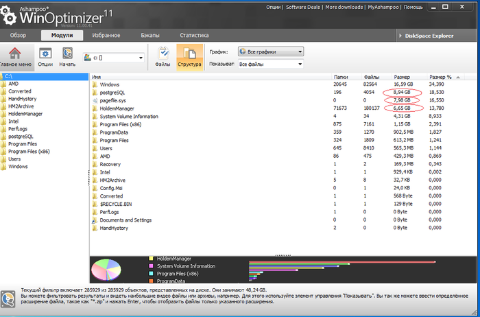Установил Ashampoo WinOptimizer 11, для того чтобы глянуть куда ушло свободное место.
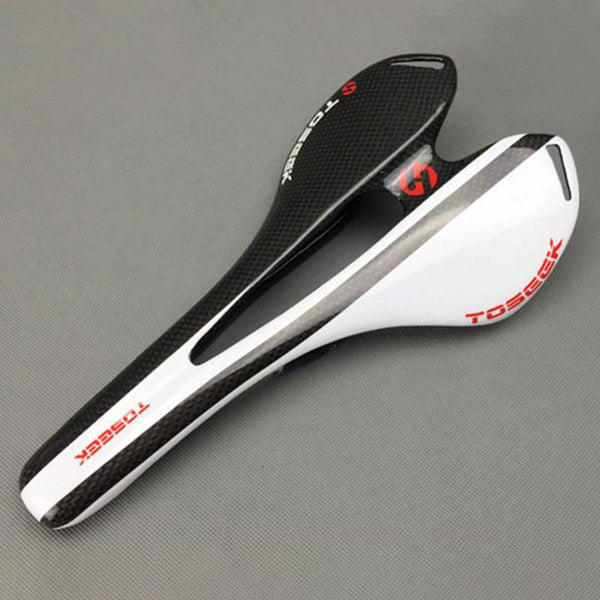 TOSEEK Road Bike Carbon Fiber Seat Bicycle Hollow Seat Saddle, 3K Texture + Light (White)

* * *

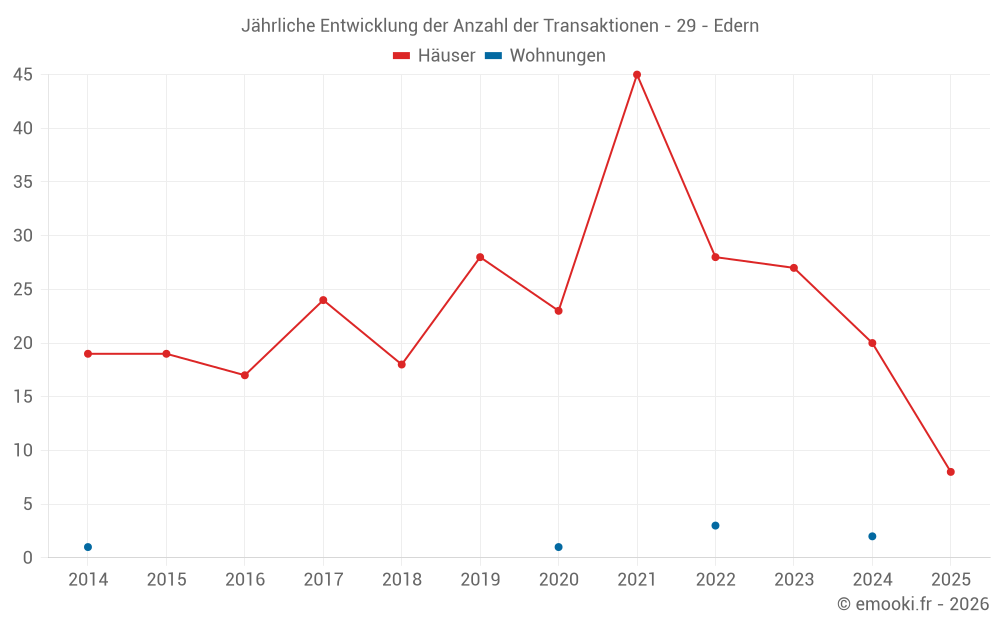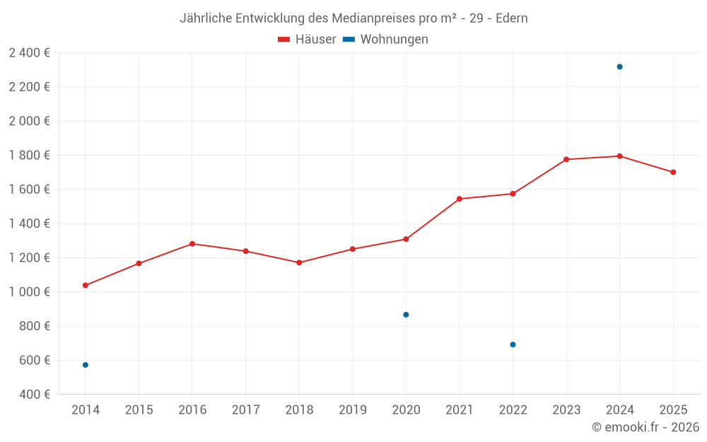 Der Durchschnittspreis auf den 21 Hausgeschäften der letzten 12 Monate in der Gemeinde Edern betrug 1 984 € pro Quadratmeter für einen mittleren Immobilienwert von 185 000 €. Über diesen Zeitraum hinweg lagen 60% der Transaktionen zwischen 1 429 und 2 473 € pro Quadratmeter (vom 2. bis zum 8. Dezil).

---

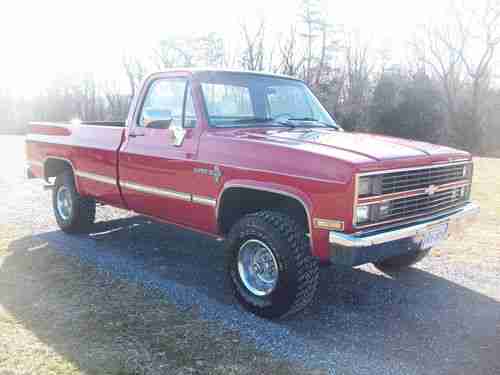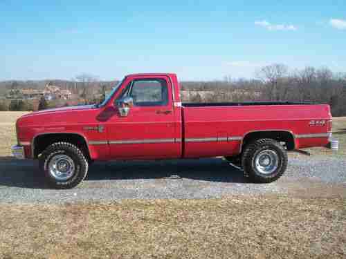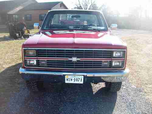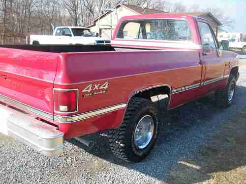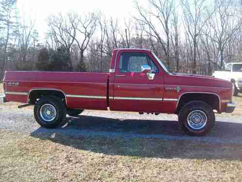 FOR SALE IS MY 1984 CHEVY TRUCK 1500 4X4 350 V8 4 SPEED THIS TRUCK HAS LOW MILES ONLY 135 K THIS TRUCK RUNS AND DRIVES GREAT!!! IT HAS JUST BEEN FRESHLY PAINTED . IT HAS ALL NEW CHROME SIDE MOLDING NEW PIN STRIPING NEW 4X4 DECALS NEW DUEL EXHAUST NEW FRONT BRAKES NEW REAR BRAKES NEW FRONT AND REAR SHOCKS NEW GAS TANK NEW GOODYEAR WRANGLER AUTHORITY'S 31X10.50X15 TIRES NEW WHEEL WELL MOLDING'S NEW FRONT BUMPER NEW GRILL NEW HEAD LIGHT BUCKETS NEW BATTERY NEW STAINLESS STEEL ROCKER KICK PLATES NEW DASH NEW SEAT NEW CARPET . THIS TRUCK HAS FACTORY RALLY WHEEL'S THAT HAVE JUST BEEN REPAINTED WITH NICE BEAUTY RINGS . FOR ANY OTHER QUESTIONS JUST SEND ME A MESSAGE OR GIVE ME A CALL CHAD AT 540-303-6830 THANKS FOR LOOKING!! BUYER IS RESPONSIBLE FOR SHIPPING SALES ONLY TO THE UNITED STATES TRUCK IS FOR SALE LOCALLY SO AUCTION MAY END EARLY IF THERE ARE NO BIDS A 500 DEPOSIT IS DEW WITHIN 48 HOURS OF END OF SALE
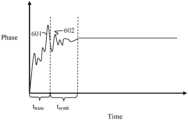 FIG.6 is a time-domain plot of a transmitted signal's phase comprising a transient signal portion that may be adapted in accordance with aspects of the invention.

**WHAT YOU SHOULD DO:** When copying from the data above, begin at the line containing "Установил Ashampoo WinOptimizer" and end at the line containing "TOSEEK Road Bike"; return those lines exactly and leave all pictures behind.

**ANSWER FOR THE TASK:**
Установил Ashampoo WinOptimizer 11, для того чтобы глянуть куда ушло свободное место.
 TOSEEK Road Bike Carbon Fiber Seat Bicycle Hollow Seat Saddle, 3K Texture + Light (White)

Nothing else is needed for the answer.